To What Shall We Compare God’s Love?

by Sam Koo

Sam Koo is a pastoral assistant at Capitol Hill Baptist Church.

June 26, 2026

Abstract: Sam Koo reviews Vermon Pierre’s Dearly Beloved, a book that emphasizes the analogy of God’s marital love for his people as the kind of love that ought to characterize the love God’s people have for one another. While Pierre helpfully communicates the reality and depth of God’s love, Scripture does not emphasize God’s marital love as the basis for our love for other believers. We need to be reminded of the many ways Scripture speaks of God’s incomparable love without always feeling the need to draw a one-to-one analogy to our own love.

 


 

Vermon Pierre, Dearly Beloved: How God’s Love for His Church Deepens Our Love for Each Other. Moody Publishers, 2024. 176 pages.

 

Jonathan Edwards writes, “Love to God, love to Christ, and love to saints for God and Christ’s sake, and the enjoyment of the fruits of God’s love in holy communion with God, Christ, and holy persons—this is what [Christians] have a relish for; and such is their renewed nature.”

According to Edwards, love to God and Christ marks the Christian’s “renewed nature,” but Christian love is not only vertical. It’s also horizontal, for love is integral to the corporate identity of God’s people. We become children in God’s household by the free and infinite love of the Father given through the Son and applied by the Spirit. Christian community, then, is not ultimately built upon shared affinity but upon the Triune love of God.

As such, Vermon Pierre’s thesis in Dearly Beloved is absolutely right: “If we are united to God most especially in love, so also we are united to one another in love. God’s love for us in Christ is the only force strong enough to bring us together to God. And God’s love in Christ is the only force strong enough to keep us together with God as one community in Christ” (11).

So how does the Bible describe the love of God’s people for one another? After all, if we want our church members to be united in a polarizing world, we need a love that’s both different and compelling.

The Most Powerful Expression of Love 

According to Pierre, the Bible emphasizes marital love as the kind of love that should be displayed in a local church (12, 14). This is the book’s main thread, and it’s woven throughout. Since God’s love for us is compared to the love of a husband for his wife, we ought to show the same kind of (marital) love to one another in the church. Pierre uses the word “beloved” to describe this marital love of God.
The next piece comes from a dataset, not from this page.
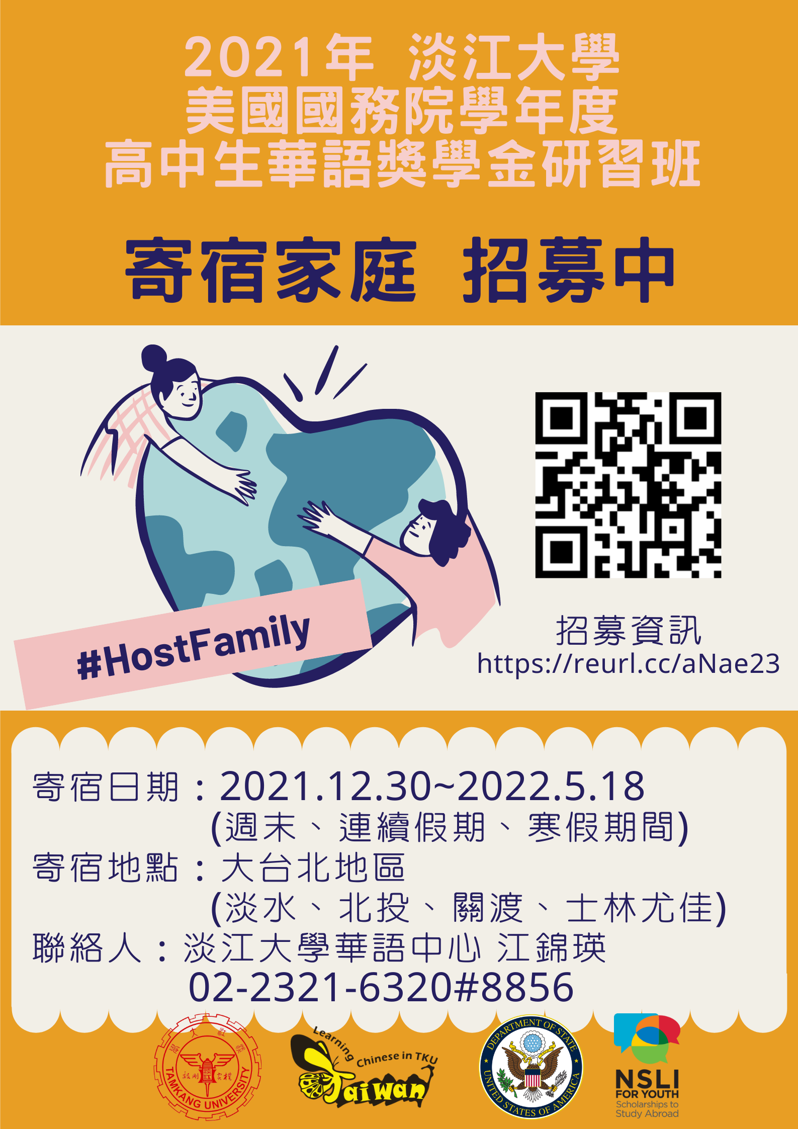 說明: 一、旨揭研習班預計於110年12月6日至111年5月18日赴臺,週間(星期一至五)於本校淡水校園研習華語,上課期間將住在本校淡水校園學生宿舍。 二、為促進美國高中生於在臺學習期間與當地臺灣人進行文化交流、培養日常生活中運用華語能力,故特別尋找對認識美國文化、並願意敞開家門的臺灣家庭,以提供高中生非上課期間的寄宿接待,藉此旨揭家庭與外國學生認識不同風俗習慣與文化的機會。 三、寄宿家庭徵選條件如下: 寄宿時間:自110年12月30日至111年5月18日期間的週末、寒假、春節假期及國定假日等非上課時間。(備註:基於COVID-19疫情關係,實際日期須視國家政策及美方確定可入臺時間,再行調整。) 寄宿地點:大臺北地區(近北投、淡水、關渡、士林尤佳)。 接待條件:需提供學生獨立房間或單人床(上下舖亦可)、學生寄宿期間的膳食及安排學生與家庭共同出遊。 補助金額:寄宿家庭可獲每日新臺幣1,000元整之補助。 檢附徵選計畫海報,報名網址:https://forms.gle/xSRPtVmrwEdGN55w9。 ![]() ![]() 瀏覽數

Pierre reminds us that God’s covenant with Israel was sustained by his exclusive love for them, much like a husband’s love for his wife. More importantly, the new covenant inaugurated by Jesus at the cross broadens God’s loving commitment to include the Gentiles. So how does God’s love affect his people—both Jew and Gentile—today? “[God’s] love, and specifically the beloved love of God, unites people to God and unites them to one another. Because we are beloved to God, we become beloved to one another. And as we are beloved to one another, we will be united to one another” (36–37).

After focusing on how we are “beloved” in Part 1, Pierre explores in Part 2 how we are to live “beloved” toward one another in a variety of areas: initiative, words, delight, intimacy, presence, commitment, passion, conflict, and perseverance.

Commendations 

Pierre makes God’s love for his people come alive. God really loves them, and he’s committed to them despite their wandering and betrayals. And Pierre rightly points out that we ought to love one another despite our differences in personalities, cultures, and backgrounds. As God offers us grace, Pierre encourages us to “jump on the chance to be favorable and do good to each other, knowing such chances steadily chip away at whatever concrete blocks of conflict are dragging down our relationships” (149).

One practical example of how our love for one another should show itself is in the way we speak to one another. “Instead of the trends of harmful, divisive words, we want to speak words that commit us to each other, to nurture and sustain each other. . . . In Jesus, we see people as Jesus does, which leads us to speak to people as Jesus does” (63). We need this exhortation injected into our own churches today.

Cautions 

Despite the book’s strengths, it seems that Pierre has wrongly emphasized God’s marital love as the primary analogy for our love for one another. The logic of the book goes like this: Christ loves the church like a husband loves his wife. Therefore, we should imitate Christ by showing that same kind of love to fellow church members. We love one another, Pierre says, “not only out of [God’s] familial love; we love one another also out of his spousal, beloved love (40). This is the “strongest way to lovone another” (39).11 .Here is Pierre’s full statement: “To be united together like the Bible calls us to, we must love one another. And the strongest way for us to love one another is to see and treat others as being beloved to us” (39). A couple additional examples of similar statements by Pierre: “The same marital love that bound us to the Lord binds us to one another and fuels our ability to be united together as one people, as His beloved bride” (41); “For long one another, we have available to us, necessary to us, the most passionate, fervent, committed dimension of God’s love–His marital, ‘beloved’ love” (43). 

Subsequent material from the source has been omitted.